De rechtbank is van oordeel dat eiseres door bij haar aanvraag van 8 augustus 2013 geen melding te maken van de storting van de WAO-uitkering van eiser op haar rekening, de ingevolge artikel 17, van de PW, op haar rustende inlichtingenverplichting heeft geschonden. Voor de beoordeling of de belanghebbende (nog) verkeert in bijstandbehoevende omstandigheden, is de financiële situatie van de belanghebbende een essentieel gegeven. Het had eiseres redelijkerwijs duidelijk kunnen en moeten zijn dat deze informatie van belang was voor (de hoogte van) het recht op bijstand. De omstandigheid dat hiernaar op het aanvraagformulier niet expliciet wordt gevraagd maakt het voorgaande niet anders.
4.11.
Gelet hierop is verweerder op grond van artikel 54, derde lid, eerste volzin, van de PW verplicht om het recht op bijstand van eiseres te herzien. Als gevolg hiervan dient verweerder op grond van artikel 58, eerste lid, van de PW, de ten onrechte betaalde bijstand van eiseres terug te vorderen.
4.12.
De rechtbank ziet in wat eiseres heeft aangevoerd geen aanleiding voor het oordeel dat verweerder geheel of gedeeltelijk van terugvordering had dienen af te zien. Volgens vaste rechtspraak (zie bijvoorbeeld de uitspraak van 19 april 2016, ECLI:NL:CRVB:2016:1457) kunnen dringende redenen slechts zijn gelegen in onaanvaardbare sociale of financiële gevolgen van een terugvordering voor de betrokkene, waarin iets bijzonders en uitzonderlijks aan de hand is en waarin een individuele afweging plaatsvindt van alle relevante omstandigheden.
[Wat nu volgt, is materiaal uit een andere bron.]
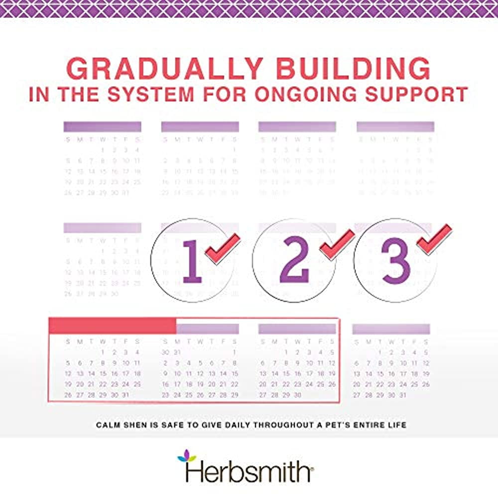 Calm Shen by Herbsmith is an all-natural supplement designed to help dogs and cats maintain calmness and balanced behavior. Ideal for pets exhibiting nervousness, hyperactivity, or discontentment, this herbal blend supports a normal and relaxed disposition without causing drowsiness.

Degene die zich beroept op dringende redenen om geheel of ten dele van terugvordering af te zien, zal het bestaan van de gestelde dringende redenen in de hiervoor bedoelde zin aannemelijk moeten maken. Hierin is eiseres niet geslaagd. De omstandigheid dat verweerder op 4 februari 2015 op de hoogte was van de stortingen leidt daartoe niet. Eiseres heeft haar bankafschriften immers op verzoek van verweerder overgelegd en niet uit eigen beweging. Dat verweerders onderzoek vervolgens nog ruim een jaar geduurd heeft, is geen dringende reden als hiervoor bedoeld. Het beroep van eisers op de 6-maanden jurisprudentie slaagt reeds niet nu vanwege de schending van de inlichtingenverplichting sprake is van een verplichting tot terugvordering en niet van een bevoegdheid.
5. Het bestreden besluit kan, gelet op al het voorgaande, standhouden. Het beroep is ongegrond. Voor een proceskostenveroordeling bestaat geen aanleiding.

Beslissing

De rechtbank verklaart het beroep ongegrond.
Deze uitspraak is gedaan door mr. M.P.E. Oomens, voorzitter, mr. L.M. Kos en mr. A. Buiskool, leden, in aanwezigheid van F. Voskamp, griffier. De beslissing is in het openbaar uitgesproken op 26 juli 2017.
griffier voorzitter
Afschrift verzonden aan partijen op:

Rechtsmiddel

Tegen deze uitspraak kan binnen zes weken na de dag van verzending daarvan hoger beroep worden ingesteld bij de Centrale Raad van Beroep. Als hoger beroep is ingesteld, kan bij de voorzieningenrechter van de hogerberoepsrechter worden verzocht om het treffen van een voorlopige voorziening.